Segment Start: Records
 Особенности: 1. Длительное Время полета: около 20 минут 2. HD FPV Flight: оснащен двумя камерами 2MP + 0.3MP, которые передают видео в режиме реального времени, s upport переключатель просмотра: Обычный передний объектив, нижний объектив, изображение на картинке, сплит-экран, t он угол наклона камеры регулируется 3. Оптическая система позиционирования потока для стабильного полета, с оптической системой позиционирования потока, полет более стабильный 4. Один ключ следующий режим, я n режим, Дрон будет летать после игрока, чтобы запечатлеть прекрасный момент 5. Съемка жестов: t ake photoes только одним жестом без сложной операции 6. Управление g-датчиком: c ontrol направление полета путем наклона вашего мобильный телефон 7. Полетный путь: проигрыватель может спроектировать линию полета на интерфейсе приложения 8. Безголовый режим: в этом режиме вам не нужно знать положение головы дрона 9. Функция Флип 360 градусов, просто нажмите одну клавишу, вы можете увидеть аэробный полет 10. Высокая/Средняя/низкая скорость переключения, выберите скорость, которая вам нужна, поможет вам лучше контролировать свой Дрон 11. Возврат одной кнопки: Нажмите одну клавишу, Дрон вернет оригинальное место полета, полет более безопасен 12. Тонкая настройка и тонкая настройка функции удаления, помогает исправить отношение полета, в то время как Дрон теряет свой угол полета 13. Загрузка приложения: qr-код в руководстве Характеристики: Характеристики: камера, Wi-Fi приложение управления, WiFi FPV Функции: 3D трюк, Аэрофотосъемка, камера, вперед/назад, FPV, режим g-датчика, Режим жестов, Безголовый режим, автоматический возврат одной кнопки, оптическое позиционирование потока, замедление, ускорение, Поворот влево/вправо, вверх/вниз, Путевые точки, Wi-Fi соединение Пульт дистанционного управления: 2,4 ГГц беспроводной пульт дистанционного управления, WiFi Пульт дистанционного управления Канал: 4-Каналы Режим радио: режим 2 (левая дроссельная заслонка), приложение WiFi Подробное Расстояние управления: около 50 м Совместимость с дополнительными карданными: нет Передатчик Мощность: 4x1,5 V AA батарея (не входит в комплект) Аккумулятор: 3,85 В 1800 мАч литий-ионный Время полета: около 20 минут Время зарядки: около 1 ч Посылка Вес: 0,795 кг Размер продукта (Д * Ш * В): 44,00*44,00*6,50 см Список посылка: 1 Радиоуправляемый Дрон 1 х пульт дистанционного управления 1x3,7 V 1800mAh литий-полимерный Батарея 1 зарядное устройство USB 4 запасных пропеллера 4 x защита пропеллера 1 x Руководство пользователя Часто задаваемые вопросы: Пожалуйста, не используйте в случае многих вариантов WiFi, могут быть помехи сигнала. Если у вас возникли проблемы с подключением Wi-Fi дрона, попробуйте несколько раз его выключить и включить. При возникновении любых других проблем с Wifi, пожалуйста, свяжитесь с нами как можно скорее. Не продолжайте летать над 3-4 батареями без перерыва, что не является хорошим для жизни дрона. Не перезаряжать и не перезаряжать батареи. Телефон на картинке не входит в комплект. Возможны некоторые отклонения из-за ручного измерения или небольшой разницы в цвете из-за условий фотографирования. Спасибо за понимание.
Segment End: Records
Segment Start: Records
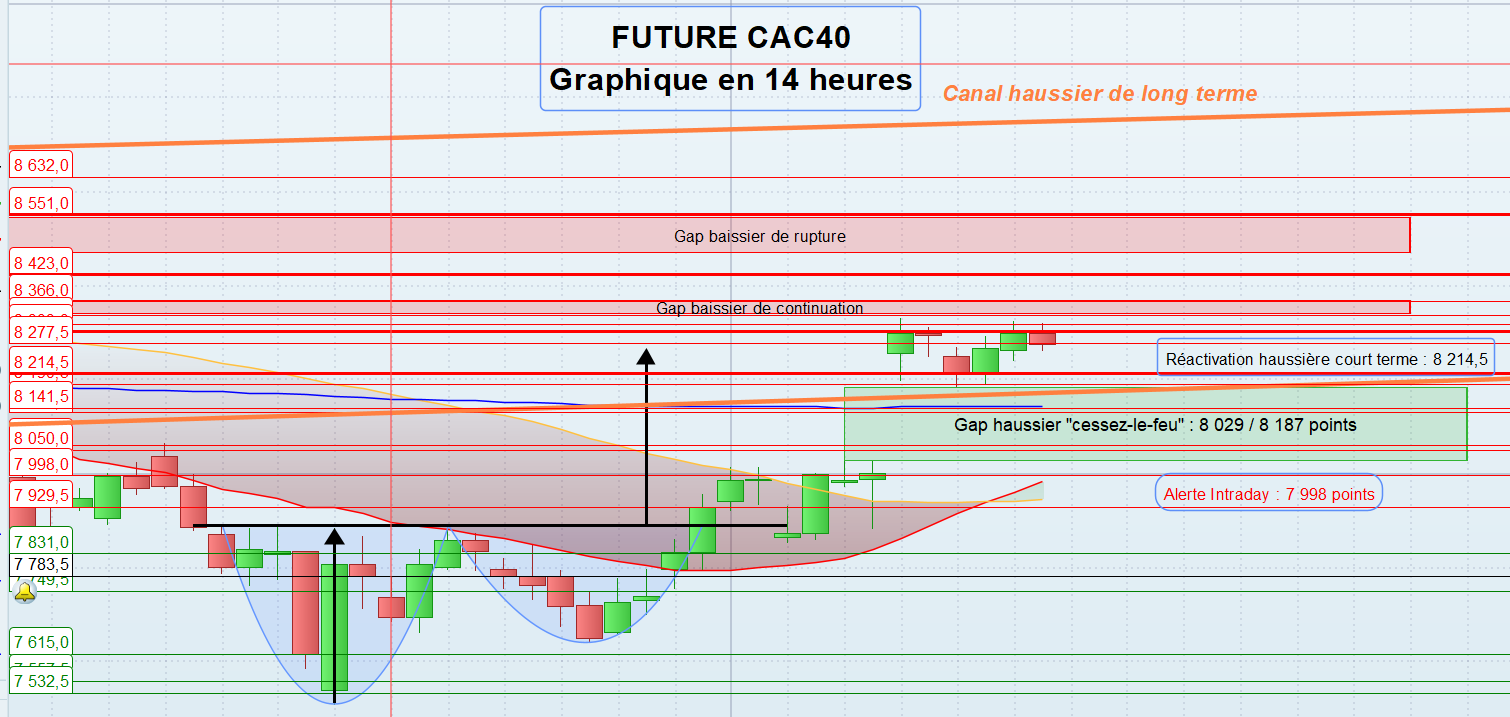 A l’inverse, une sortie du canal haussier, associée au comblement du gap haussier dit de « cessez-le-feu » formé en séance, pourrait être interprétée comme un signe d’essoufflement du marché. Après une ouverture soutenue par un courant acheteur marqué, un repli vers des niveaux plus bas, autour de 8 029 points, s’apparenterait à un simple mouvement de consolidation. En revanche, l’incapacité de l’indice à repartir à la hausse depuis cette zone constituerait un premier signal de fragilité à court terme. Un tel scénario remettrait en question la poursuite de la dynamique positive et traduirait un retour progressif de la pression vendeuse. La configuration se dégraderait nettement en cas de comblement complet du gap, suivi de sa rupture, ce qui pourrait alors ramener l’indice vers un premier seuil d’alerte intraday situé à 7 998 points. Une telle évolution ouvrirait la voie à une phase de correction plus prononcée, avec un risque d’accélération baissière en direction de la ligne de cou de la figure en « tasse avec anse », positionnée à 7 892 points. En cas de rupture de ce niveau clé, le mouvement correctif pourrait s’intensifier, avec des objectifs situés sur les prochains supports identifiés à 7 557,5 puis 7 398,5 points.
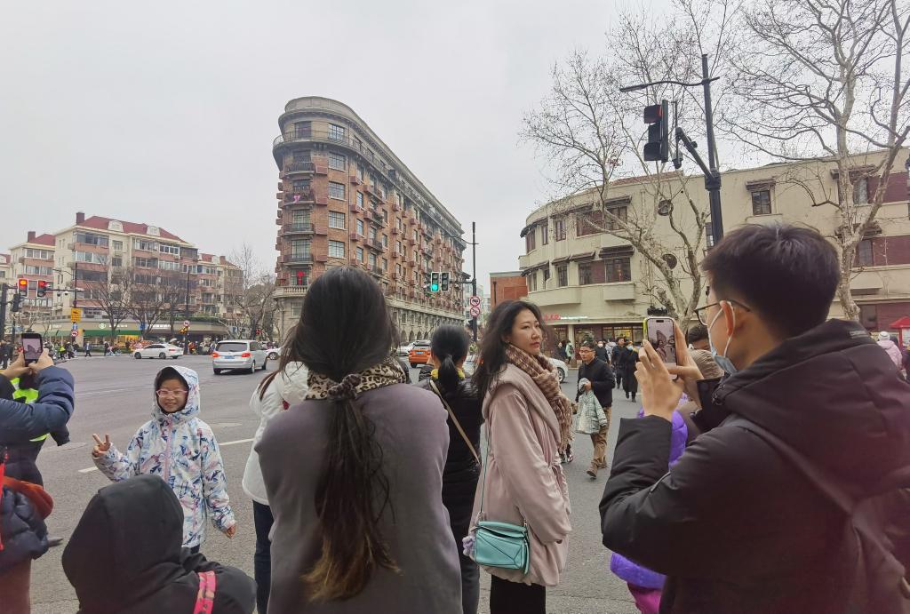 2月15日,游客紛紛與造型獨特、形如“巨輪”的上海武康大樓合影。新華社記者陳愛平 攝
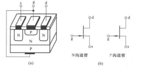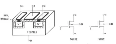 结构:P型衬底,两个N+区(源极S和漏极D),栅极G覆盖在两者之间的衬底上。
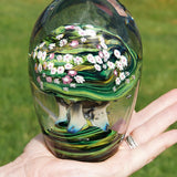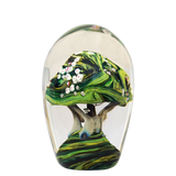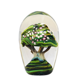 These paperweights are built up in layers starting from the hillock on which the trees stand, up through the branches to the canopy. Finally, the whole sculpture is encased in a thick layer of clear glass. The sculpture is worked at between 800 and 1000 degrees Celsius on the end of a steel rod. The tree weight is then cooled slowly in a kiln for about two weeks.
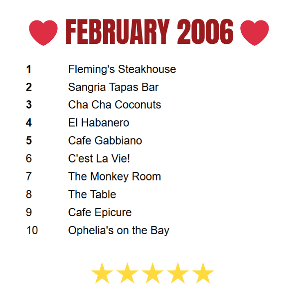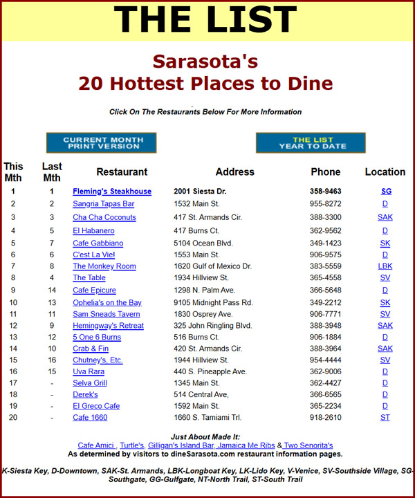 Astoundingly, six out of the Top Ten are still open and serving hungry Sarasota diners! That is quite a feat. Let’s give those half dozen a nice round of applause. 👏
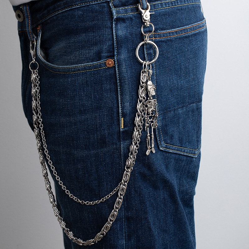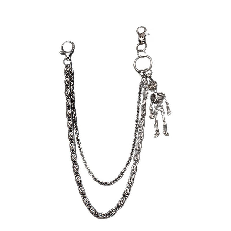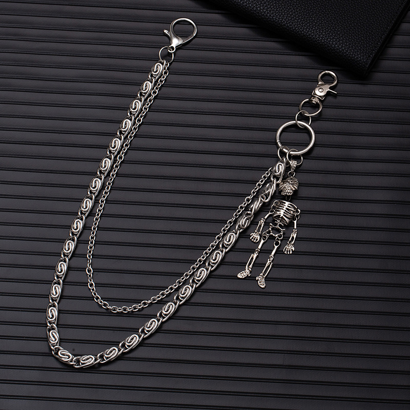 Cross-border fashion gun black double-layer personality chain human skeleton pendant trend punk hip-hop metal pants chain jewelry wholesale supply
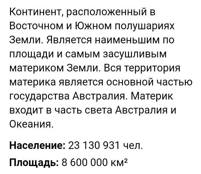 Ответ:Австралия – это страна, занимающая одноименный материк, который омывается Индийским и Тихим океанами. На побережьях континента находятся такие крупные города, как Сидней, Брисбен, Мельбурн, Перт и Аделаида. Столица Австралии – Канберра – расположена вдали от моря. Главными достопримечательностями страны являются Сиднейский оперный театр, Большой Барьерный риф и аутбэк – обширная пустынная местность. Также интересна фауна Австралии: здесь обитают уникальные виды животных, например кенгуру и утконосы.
Segment End: Records
**Work to complete**
When you reach the line holding "2月15日,游客紛紛與造型獨" in the listing above, begin retyping exactly, and stop once the line holding "Cross-border fashion gun" is done; pictures stay out.

**Finished task**
 2月15日,游客紛紛與造型獨特、形如“巨輪”的上海武康大樓合影。新華社記者陳愛平 攝
 结构:P型衬底,两个N+区(源极S和漏极D),栅极G覆盖在两者之间的衬底上。
 These paperweights are built up in layers starting from the hillock on which the trees stand, up through the branches to the canopy. Finally, the whole sculpture is encased in a thick layer of clear glass. The sculpture is worked at between 800 and 1000 degrees Celsius on the end of a steel rod. The tree weight is then cooled slowly in a kiln for about two weeks.
 Astoundingly, six out of the Top Ten are still open and serving hungry Sarasota diners! That is quite a feat. Let’s give those half dozen a nice round of applause. 👏
 Cross-border fashion gun black double-layer personality chain human skeleton pendant trend punk hip-hop metal pants chain jewelry wholesale supply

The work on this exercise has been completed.